(Record excerpts)
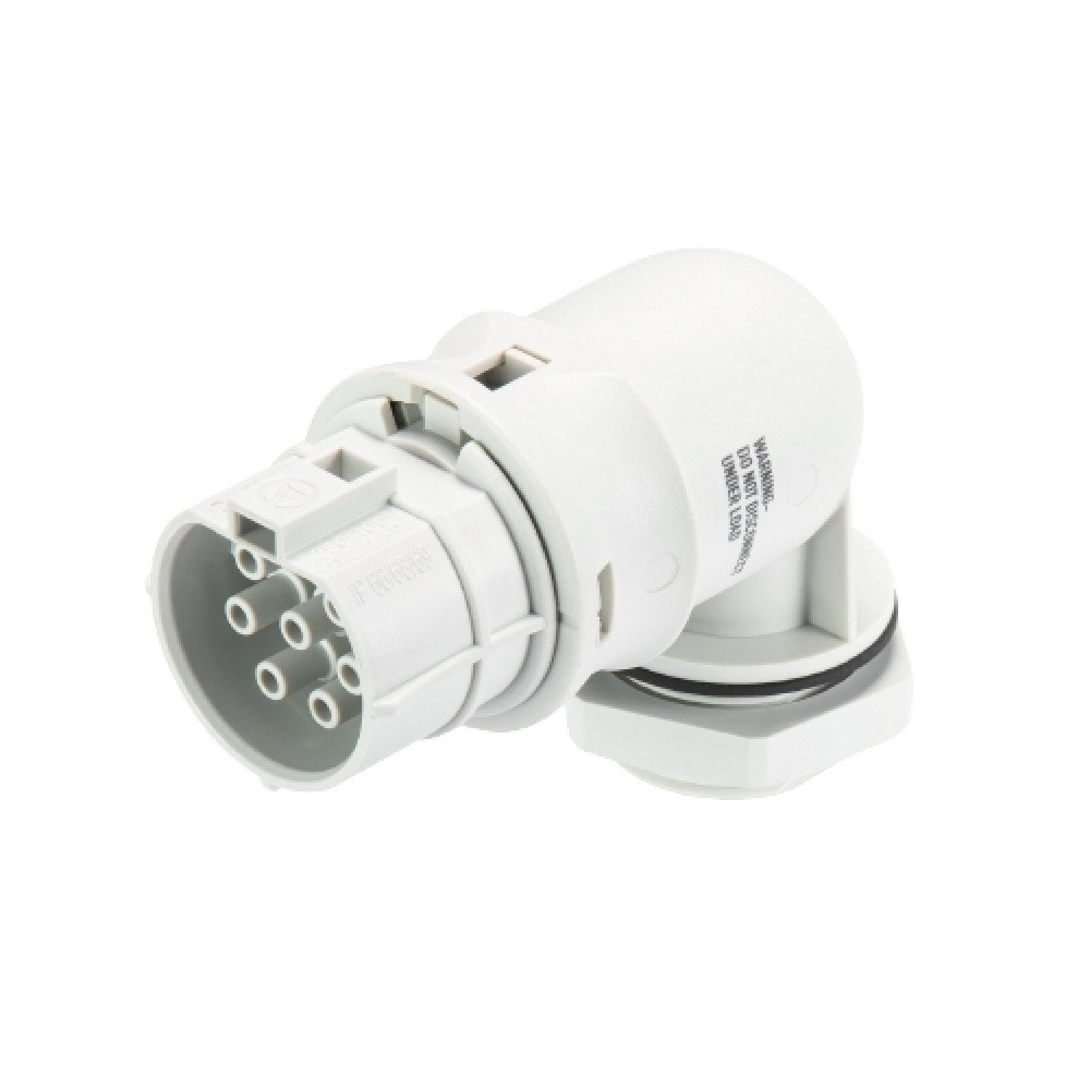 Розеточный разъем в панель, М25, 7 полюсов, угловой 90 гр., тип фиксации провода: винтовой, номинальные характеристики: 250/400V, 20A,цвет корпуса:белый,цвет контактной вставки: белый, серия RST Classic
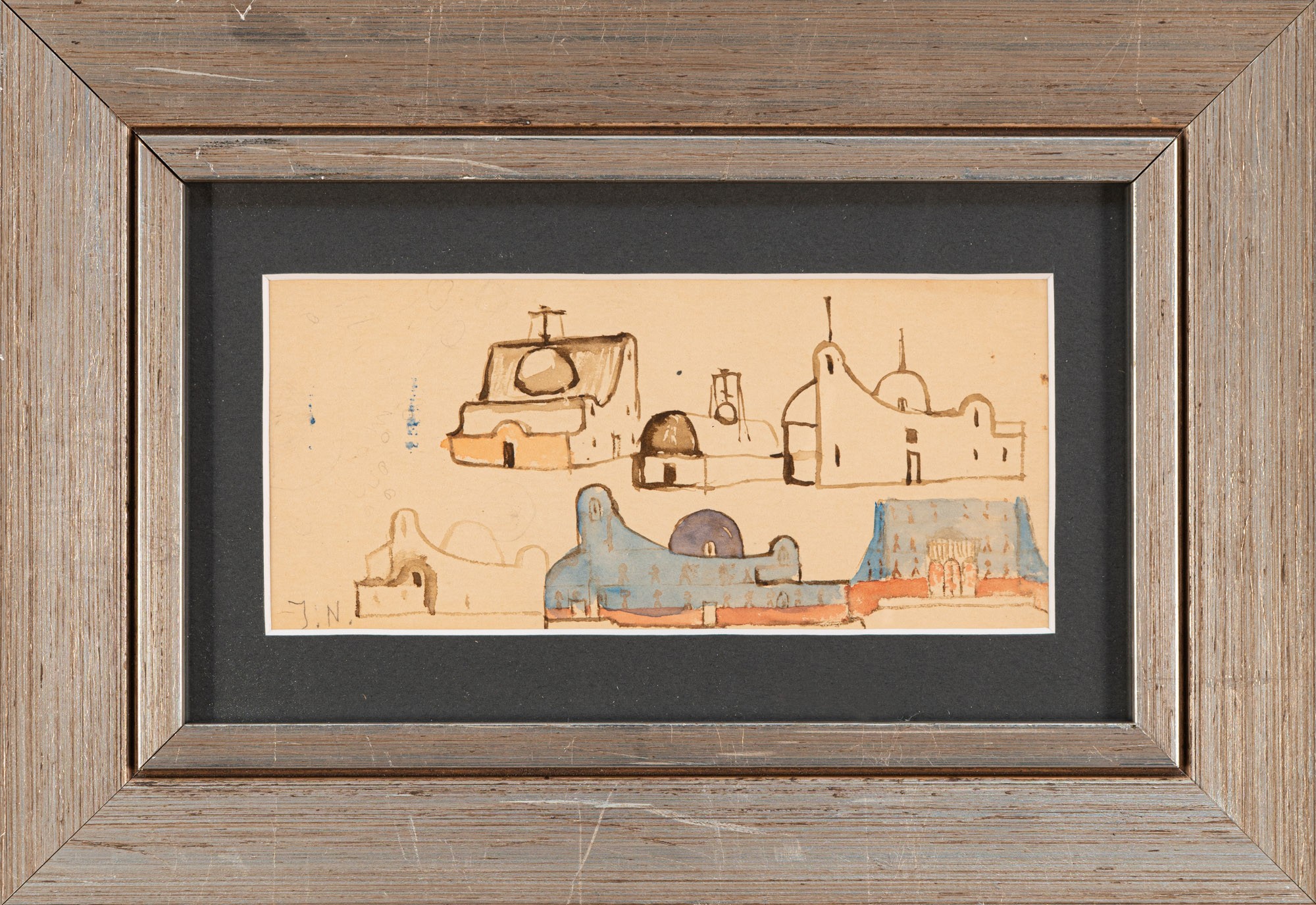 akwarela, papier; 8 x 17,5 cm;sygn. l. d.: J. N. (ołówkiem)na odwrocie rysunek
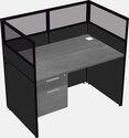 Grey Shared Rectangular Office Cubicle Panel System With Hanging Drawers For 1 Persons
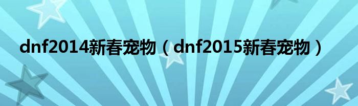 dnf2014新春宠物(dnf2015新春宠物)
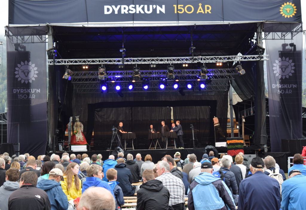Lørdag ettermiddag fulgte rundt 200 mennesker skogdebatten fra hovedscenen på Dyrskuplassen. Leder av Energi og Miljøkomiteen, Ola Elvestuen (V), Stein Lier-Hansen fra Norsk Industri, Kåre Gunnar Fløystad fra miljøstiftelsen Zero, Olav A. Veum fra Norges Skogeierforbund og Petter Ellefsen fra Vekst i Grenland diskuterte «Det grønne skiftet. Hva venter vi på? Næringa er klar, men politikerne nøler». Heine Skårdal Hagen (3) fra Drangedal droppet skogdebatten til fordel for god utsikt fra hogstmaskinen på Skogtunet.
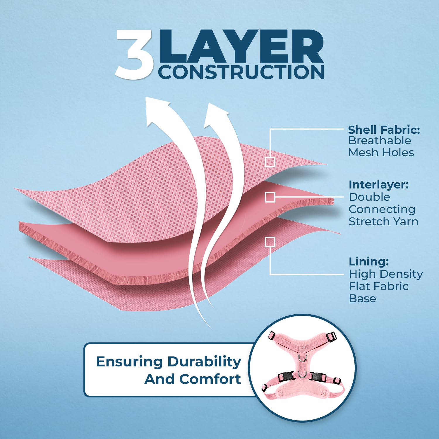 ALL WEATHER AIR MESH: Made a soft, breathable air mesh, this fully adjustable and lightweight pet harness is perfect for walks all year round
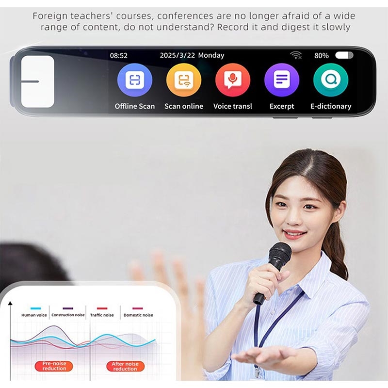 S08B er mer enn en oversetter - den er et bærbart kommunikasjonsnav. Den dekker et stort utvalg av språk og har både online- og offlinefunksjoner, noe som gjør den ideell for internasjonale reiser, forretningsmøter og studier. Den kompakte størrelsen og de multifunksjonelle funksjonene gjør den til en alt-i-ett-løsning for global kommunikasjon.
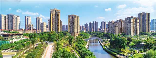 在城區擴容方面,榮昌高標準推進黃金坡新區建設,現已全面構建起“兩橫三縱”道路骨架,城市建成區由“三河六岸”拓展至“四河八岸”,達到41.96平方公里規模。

(What to do) Before duplicating, set the pictures aside; then output exactly the lines from the one with "ALL WEATHER AIR" through the end of the records, and only those.

(Exercise output)
 ALL WEATHER AIR MESH: Made a soft, breathable air mesh, this fully adjustable and lightweight pet harness is perfect for walks all year round
 S08B er mer enn en oversetter - den er et bærbart kommunikasjonsnav. Den dekker et stort utvalg av språk og har både online- og offlinefunksjoner, noe som gjør den ideell for internasjonale reiser, forretningsmøter og studier. Den kompakte størrelsen og de multifunksjonelle funksjonene gjør den til en alt-i-ett-løsning for global kommunikasjon.
 在城區擴容方面,榮昌高標準推進黃金坡新區建設,現已全面構建起“兩橫三縱”道路骨架,城市建成區由“三河六岸”拓展至“四河八岸”,達到41.96平方公里規模。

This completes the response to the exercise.